#### I. DETECTING OUTLIERS

**1. Plot a histogram and density plot**
```sh
sns.distplot(data, bin=20) # bin is number of columns
```

**2. Plot a boxplot**
```sh
sns.boxplot(data)
```

**3. Interquartile Range**
```sh
q25, q50, q75 = np.percentile(data,[25,50,75])
iqr = q75 - q25

#Calculate interval to consider outlier
low_limit = q25 - 1.5 * iqr # for example
high_limit = q75 + 1.5 * iqr

#identify the points:
[x for x in data['X'] if x > high_limit or x < low_limit]
```

**4. Residuals**
> **Approach:**
> - _Standardized_: residual divided by standard error.
> - _Deleted_: residual from fitting model on ALL data and ALL data excluding current observation.
> - _Studentized_: Deleted residuals / residual standard error.


#### II. EDA

**1. Sampling from DataFrames**
- For large data, random sample can make computation easier.
- Train/Dev/Test set
```sh
sample = data.sample(n=5, replace=False) #take 5 random rows in dataset, replace=False to ensure no duplicated rows
print(sample.iloc([:,-3:])
```

**2. Visualization**

**_a. Pandas Framework approach_**
```sh
sns.boxplot(data)
```
**_b. Pandas DataFrame approach_**
```sh
%matplotlib inline # allow plot to actually show
import matplotlib.pylot as plt
# this show scatter plot
plt.plot(data['X1'], data['X2'], ls='', marker='o', label='feature1-2')
# ls: line-style
plt.plot(data['X3'], data['X4'], ls='', marker='o', lable='feature3-4')
# this second line will show on the same plot with different color
```
**_c.
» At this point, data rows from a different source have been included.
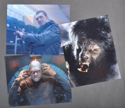 Estate of Dave Prowse - Spencer Wilding (Welsh Actor) - collection of x3 autographed 8x10" colour photographs from various appearances of Wilding. Includes a Guardians Of The Galaxy Image signed ' To Dave So Nice To Meet You ', the other two autographs undedicated. All obtained personally by Mr Prowse. Interestingly, Wilding would go on to play Darth Vader in the Star Wars spin-off Rogue One.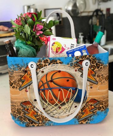 Stylish Basketball Tote Bag – Sports Design With Leopard Print & Lightning Accents – Perfect For Fans & Everyday Use!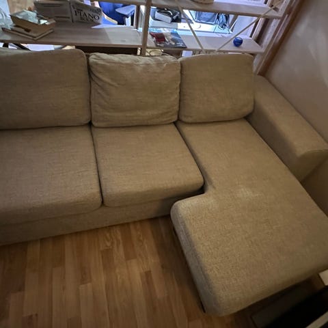 Hakemisen vaivalla sais kulmasohvan. Hieman nitisee jotkut kohdat sohvasta, pesu jää hakijalle. Mukaan saa rahin joka on repeytynyt toiselta puolelta (saa varmaan ommeltua kiinni). Kaikki palaset saa irti toisistaan ja kätisyyden pystyy vaihtamaan.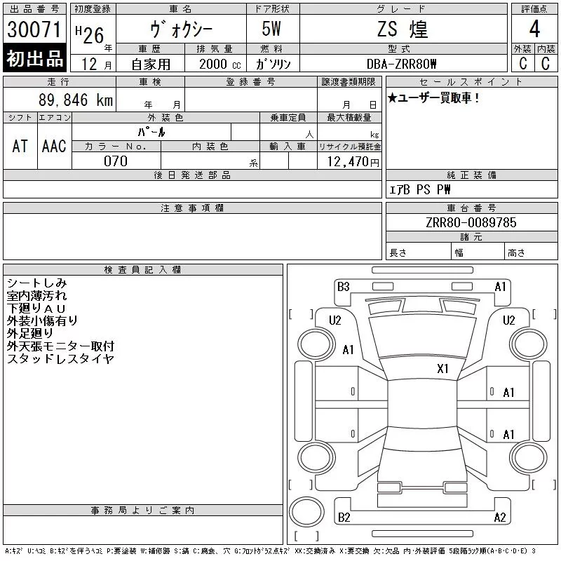 Toyota VOXY с аукциона Японии CAA Tokyo лот № 30071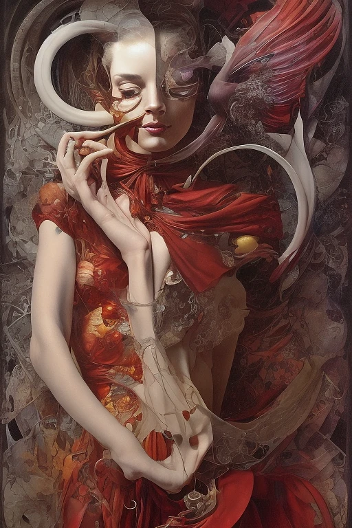(( A woman wearing silk dress + dark red skirt ) ) - HD Album Cover Art; Dave McKean + John J. Muth + Kent Williams; Award-Winning Render; Unreal Engine 3D; Symbolism; Colourful; Polished; Complex; UHD; D3D; 16K", (((art by Alphonse Mucha) )), black wall background, curved line composition, insane details, intricate details, low contrast, soft cinematic light, exposure blend, hdr, front Arriflex 535B, Nikon 6mm f/2. 8 fisheye lens, Kodak Vision2 500T 35mm film stock, lighting techniques aimes to accentuate the exaggerated colors and contrast in the scene, ultrahigh resolution, highy cinematic, super detailed, extremely high quality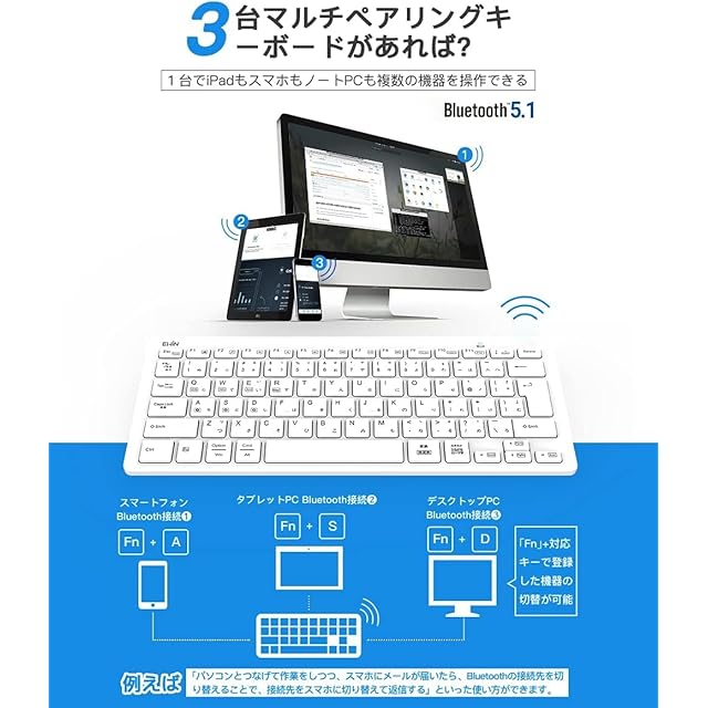 Ewin Bluetoothキーボード 日本語配列 マルチペアリング 3台同時接続 タブレット スマホ アイパッド ノート PC用 iOS Android Windows Mac対応 スタンド付き 在宅勤務 リモートワーク用 かな入力 ワイヤレス キーボード ホワイト | TREND DESIGN 家電専門店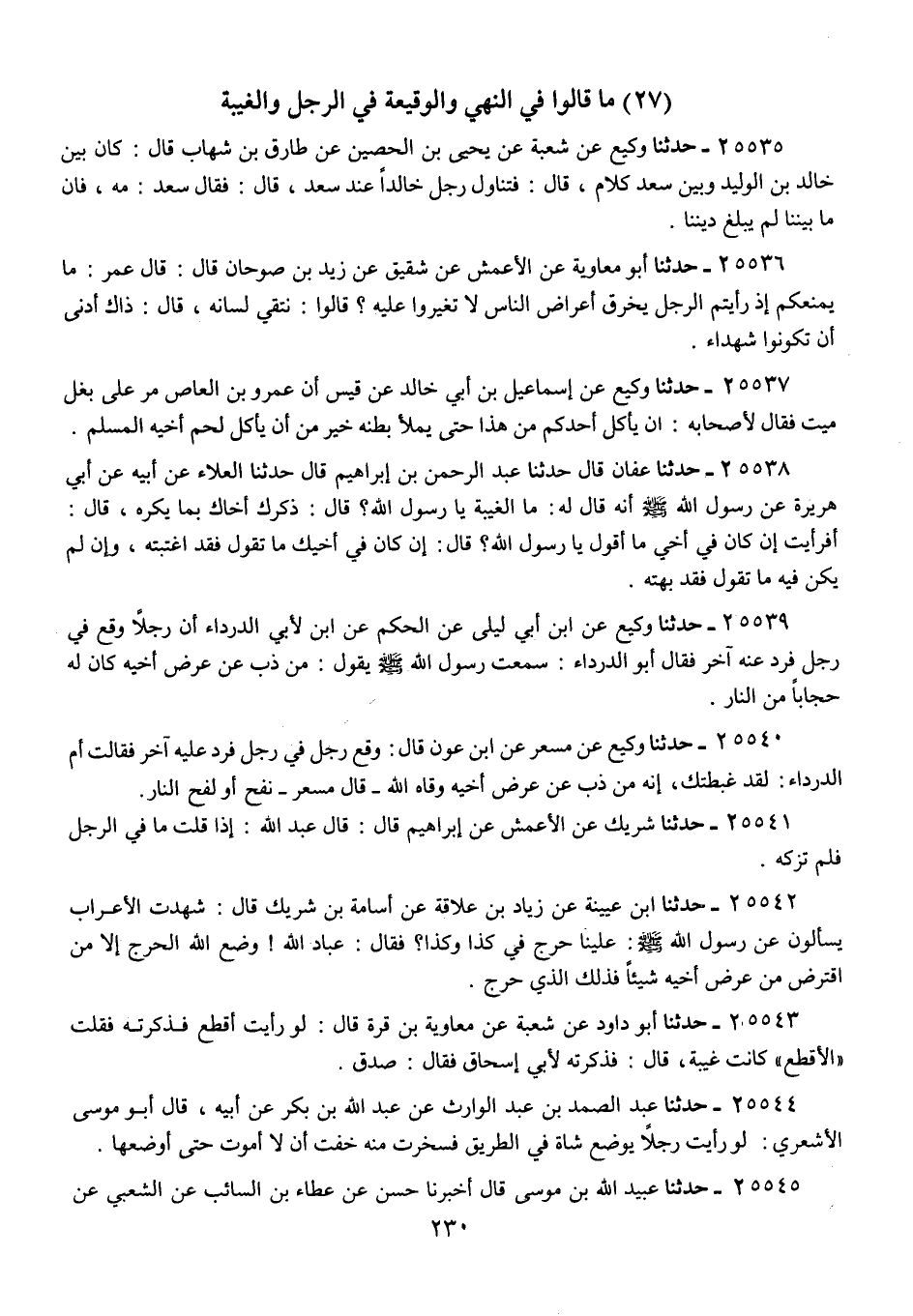 25539 - حَدَّثَنَا وَكِيعٌ، عَنِ ابْنِ أَبِي لَيْلَى، عَنِ الْحَكَمِ، عَنِ ابْنٍ لِأَبِي الدَّرْدَاءِ، أَنَّ رَجُلًا، وَقَعَ فِي رَجُلٍ فَرَدَّ عَنْهُ آخَرُ، فَقَالَ أَبُو الدَّرْدَاءِ: سَمِعْتُ رَسُولَ اللَّهِ صَلَّى اللهُ عَلَيْهِ وَسَلَّمَ يَقُولُ: «§مَنْ ذَبَّ عَنْ عِرْضِ أَخِيهِ كَانَ لَهُ حِجَابًا مِنَ النَّارِ»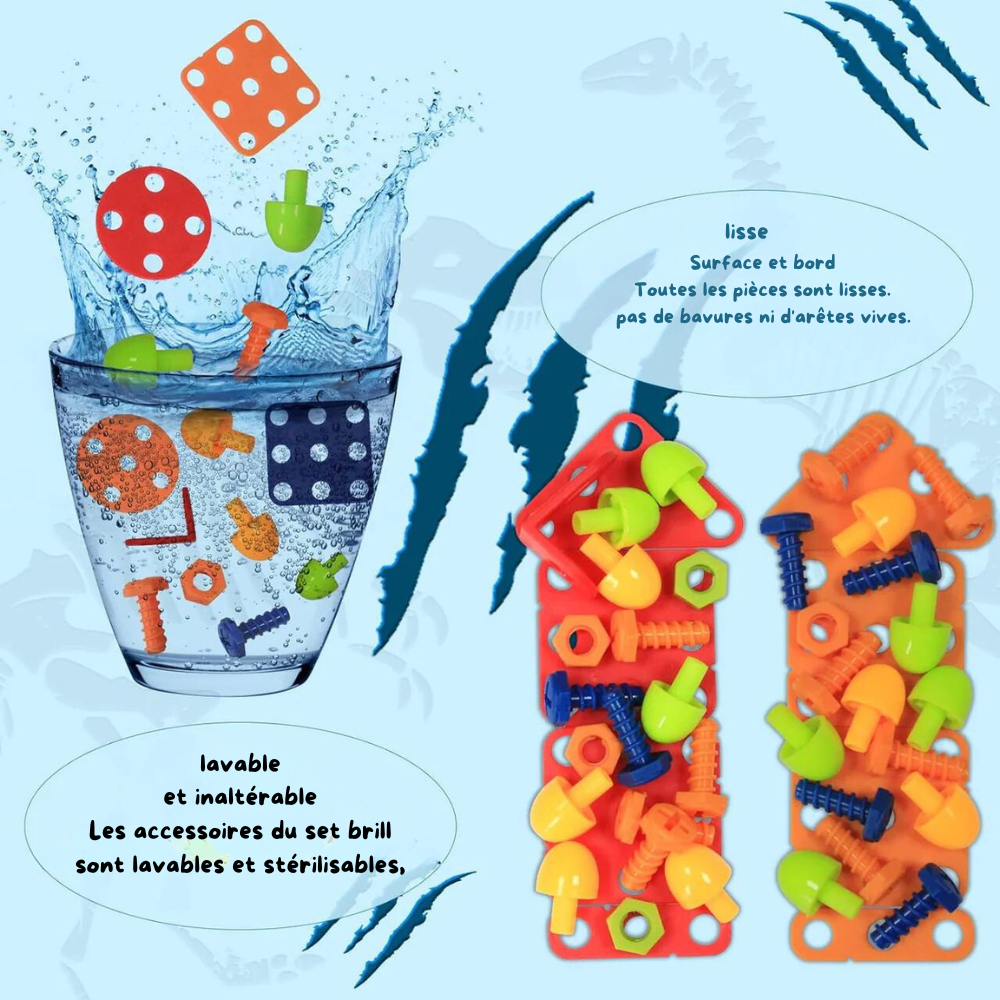 Grâce à une sélection de pièces colorées et robustes, ainsi qu'à une perceuse électrique conçue spécialement pour les enfants, les jeunes peuvent s'adonner au vissage et au dévissage, développant ainsi leurs capacités motrices tout en approfondissant leur compréhension du monde technique.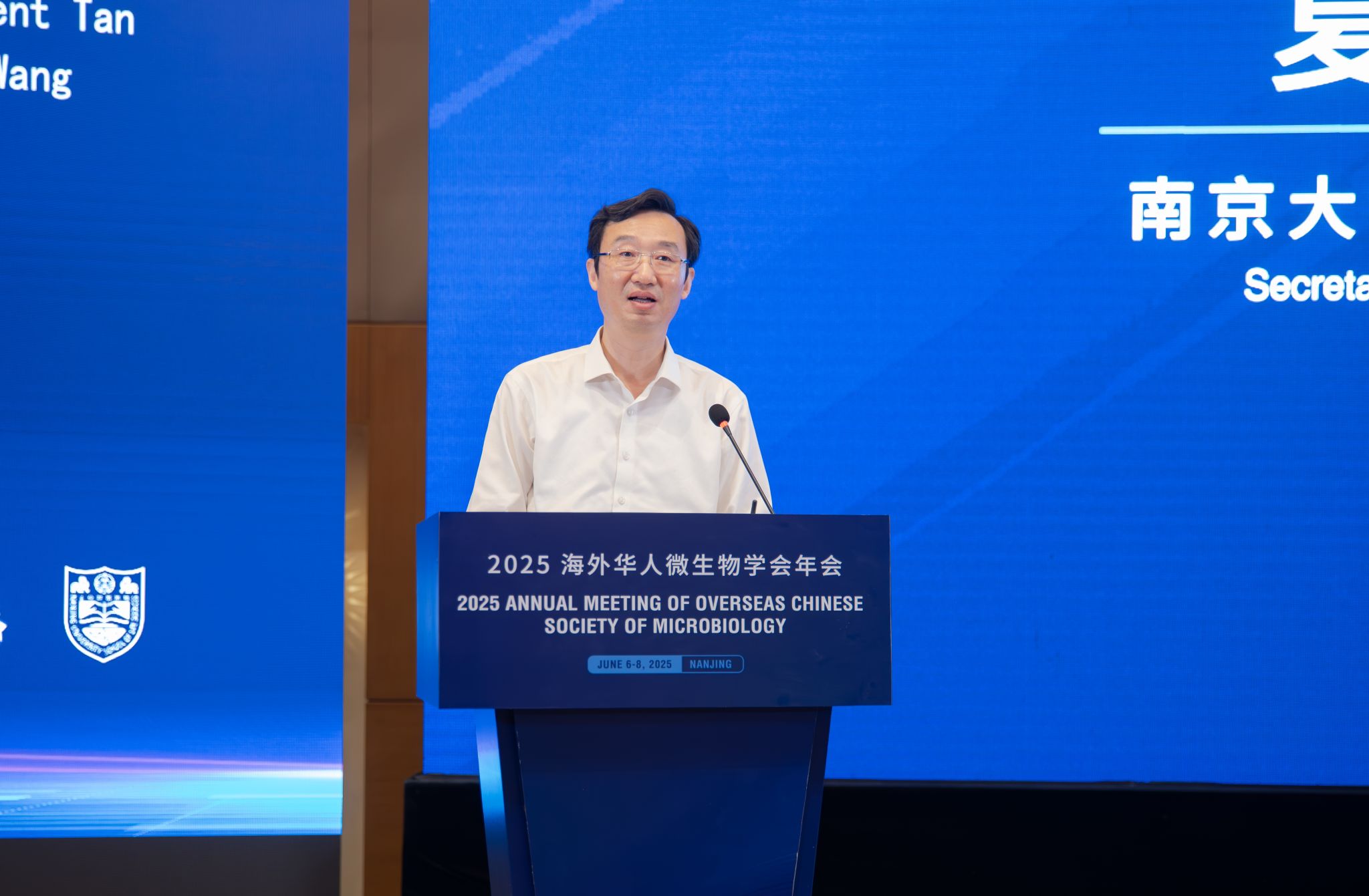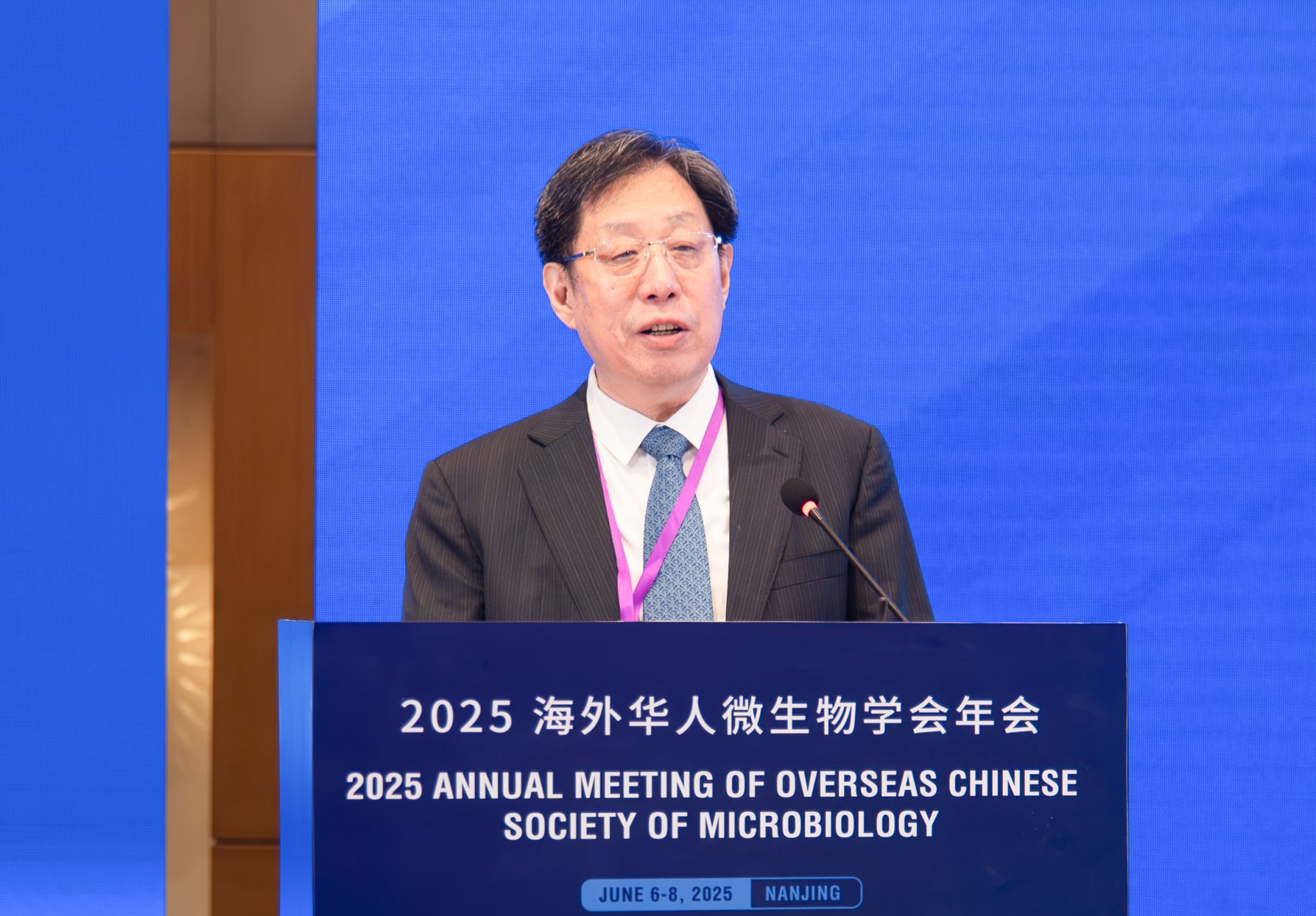 From June 7 to 8, the 2025 Annual Meeting of Overseas Chinese Society of Microbiology was held in Nanjing. The theme of this conference was "The Impact of Microorganisms on Health and Environment," focusing on international scientific frontiers, building a platform for academic exchange and cooperation between China and foreign countries, and promoting the integration and development of global microbiology and related disciplines. Tan Zhemin, President of Nanjing University and Academician of the Chinese Academy of Sciences (CAS), attended and addressed at the opening ceremony.

Histogram_**
```sh
plt.hist(data['X'], bins=25)
```

**_d. Customizing Plots_**
```sh
fig, ax = plt.subplot() # fig: articulate essentially all of the major basics around our plot
                        # ax: actual box
ax.set_yticks()
ax.set_yticklabels()
ax.set(xlabel='xlabel', ylabel='ylabel', title='Title')
```
>**By group**
```sh
data.groupby('species').mean().
    plot(color=['red', 'blue', 'black', 'green'], # Corespond to number of feature
            fontsize=10.0, figsize=(4,4))
```

**_e. Pair plot for Features_**
- Pair plot:
```sh
sns.pairplot(data, hue='species', size=3) # it would split data following the type of species
```
- Hexbin Plot:
```sh
sns.jointplot(x=data['X'], y=data['Y'], kind='hex')
```
- Facet Grid:
```sh
plot = sns.FaceGrid(data, col='species',
                    margin_titles=True)
plot.map(plt.hist, 'X1', color='green')
```

**3. Interquartile Range**
```sh
q25, q50, q75 = np.percentile(data,[25,50,75])
iqr = q75 - q25

#Calculate interval to consider outlier
low_limit = q25 - 1.5 * iqr # for example
high_limit = q75 + 1.5 * iqr

#identify the points:
[x for x in data['X'] if x > high_limit or x < low_limit]
```

**4. Residuals**
> **Approach:**
> - _Standardized_: residual divided by standard error.
> - _Deleted_: residual from fitting model on ALL data and ALL data excluding current observation.
> - _Studentized_: Deleted residuals / residual standard error.